Sollte sich dort jemand registrieren bekomme ich bei einem Erfolgreichen Handel einen Bruchteil eine BTC Provison.
Das sin zwar nur wenige Euro, aber vielleicht sind diese BTC ja mal viele Millionen Wert... 


Wer Bitcoins hat und diese für wertlos hält, der kann sie gerne hier hin entsorgen:
1MqUnbgFRR2fvJBDsxZWaamfyJxV8AM9a7


----------



## ducati (25 November 2013)

Ich hab sowas nicht,

aber im Radio hab ich letztens gehört: Der Moderator hat beim Friseur 0,1 bitcoin bezahlt. Im Nachhinein hat es sich überlegt, das es mit 60€ wohl der teuerste Friseurbesuch seines Lebens war...

Irgendwie ist das mit seinen riesen Kursschwankungen eher eine riesen Spekulationsblase...

Gruß.


----------



## bike (25 November 2013)

@markus:Irgendwie muss man doch an dein Geld kommen. 
Internet- und Immobilienblase sind geplatzt, also muss etwas Neues her, das nicht logisch verständlich ist.


bike


----------



## Markus (25 November 2013)

Die Spekulationen bzw. die Kursschwankungen der der letzten Zeit sind in der Tat nichts für schwache Nerven... 
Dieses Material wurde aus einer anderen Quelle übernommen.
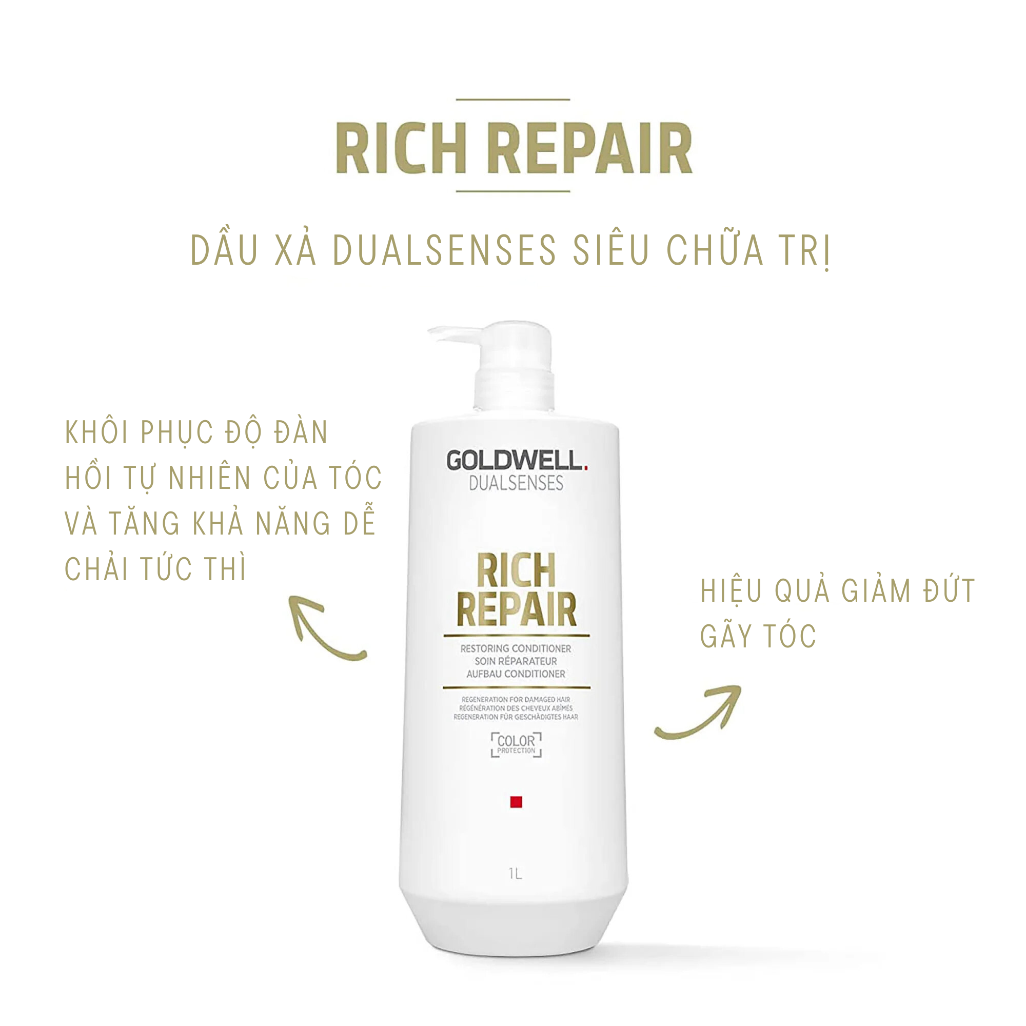 Dầu Xả Goldwell Rich Repair Phục Hồi Tóc Hư Tổn, Chẻ Ngọn Từ Sâu Bên Trong - Phù hợp với tình trạng tóc: + Tóc hư tổn trung bình tới hư tổn nặng + Tóc

Ich finde das Konzept einer dezentralen Währung die von keinem Staat, keiner Zentralbank und niemandem sonst manipuliert werden kann eine geniale Idee.
Das wir in ein paar Jahrzenten viel mit Cryptowährungen handeln werden bzw. das in ihnen die Zukunft liegt kann ich mir auch sehr gut vorstellen - ob es der Bitcoin wird, oder ob er Opfer der Spekulanten wird ist ungewiss...
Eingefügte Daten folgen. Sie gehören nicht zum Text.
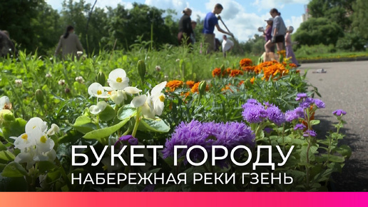 Добровольцы высадили цветы на клумбах набережной реки Гзень в Великом Новгороде

Das Vertrauen in den Bitcoin scheint da zu sein, da sein Kurs im großen und ganzen immer steigt.
Die Chines fahren total drauf ab, große chinesische Unternehmen akzeptieren BTC - das geht nicht ohne staatliche Zustimmung. Der US Senat hat sich nach seinem ersten Verbotsideen nun auch positiv geäussert, der Ebaychef denkt über BTC Zahlung nach, in Deutschland wird BTC als privates Geld anerkannt...

Wie weit er noch steigt ist ungewiss, da er durch seine deflationäre Eigenschaft mit Gold vergleichbar ist behauten mache Leute er können - analog zum Wert der im Gold Steckt - auf 1.000.000US Dollar pro BTC steigen.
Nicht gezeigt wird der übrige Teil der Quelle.